*** The data ***

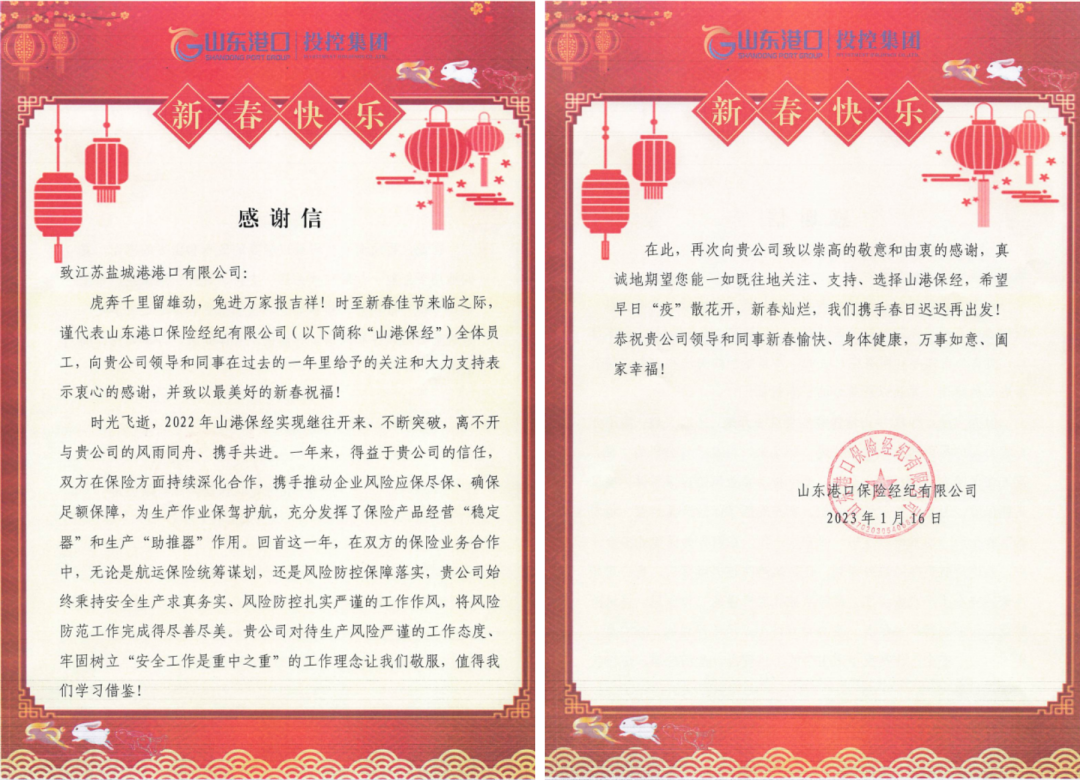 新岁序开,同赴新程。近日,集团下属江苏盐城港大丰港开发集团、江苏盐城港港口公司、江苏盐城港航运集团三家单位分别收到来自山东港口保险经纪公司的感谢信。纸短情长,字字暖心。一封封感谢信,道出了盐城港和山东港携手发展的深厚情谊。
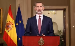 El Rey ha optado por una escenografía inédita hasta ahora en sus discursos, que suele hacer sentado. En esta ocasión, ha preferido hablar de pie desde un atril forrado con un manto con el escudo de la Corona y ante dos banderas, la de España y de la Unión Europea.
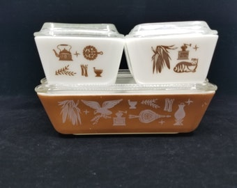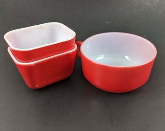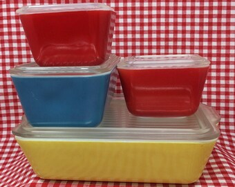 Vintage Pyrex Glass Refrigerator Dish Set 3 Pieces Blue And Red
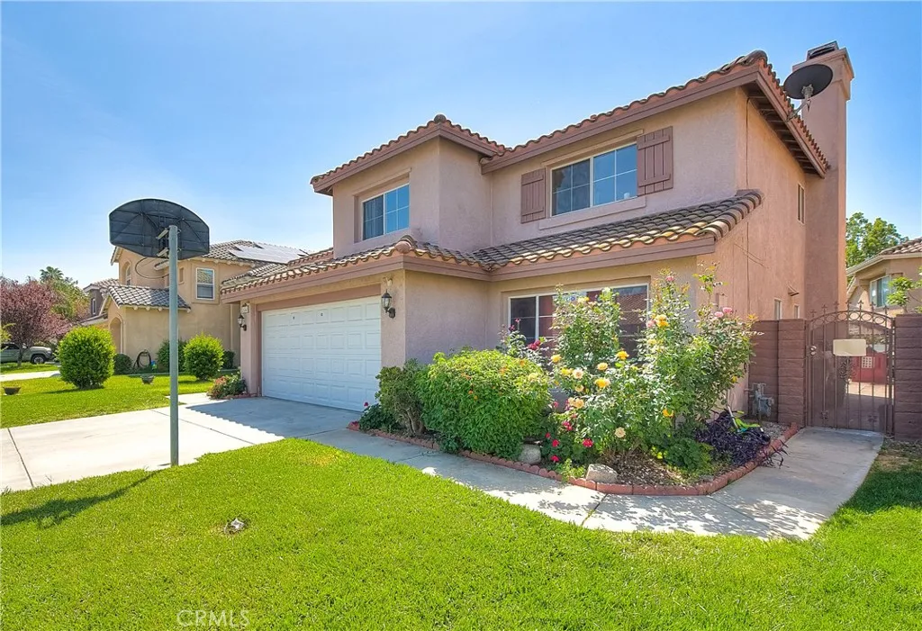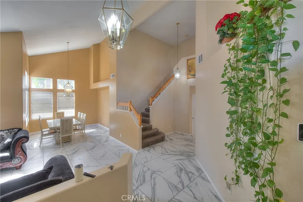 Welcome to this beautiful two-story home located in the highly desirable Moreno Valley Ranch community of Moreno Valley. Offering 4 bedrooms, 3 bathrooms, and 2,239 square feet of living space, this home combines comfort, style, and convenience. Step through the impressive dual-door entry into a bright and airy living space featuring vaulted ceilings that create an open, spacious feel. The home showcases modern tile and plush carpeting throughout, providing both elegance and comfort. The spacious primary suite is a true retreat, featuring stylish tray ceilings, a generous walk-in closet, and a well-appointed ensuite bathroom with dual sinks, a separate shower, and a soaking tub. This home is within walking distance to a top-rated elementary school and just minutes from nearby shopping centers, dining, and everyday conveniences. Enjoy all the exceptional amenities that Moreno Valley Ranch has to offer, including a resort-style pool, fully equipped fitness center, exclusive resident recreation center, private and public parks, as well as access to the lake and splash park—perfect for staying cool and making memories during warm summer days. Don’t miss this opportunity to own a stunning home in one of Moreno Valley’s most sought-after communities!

*** End of The data ***

• **Problem statement**:
Starting with the line above that holds "El Rey ha optado", restate each line word for word up to and including the line that holds "Vintage Pyrex Glass". Drop the pictures.

• **Response below**:
 El Rey ha optado por una escenografía inédita hasta ahora en sus discursos, que suele hacer sentado. En esta ocasión, ha preferido hablar de pie desde un atril forrado con un manto con el escudo de la Corona y ante dos banderas, la de España y de la Unión Europea.
 Vintage Pyrex Glass Refrigerator Dish Set 3 Pieces Blue And Red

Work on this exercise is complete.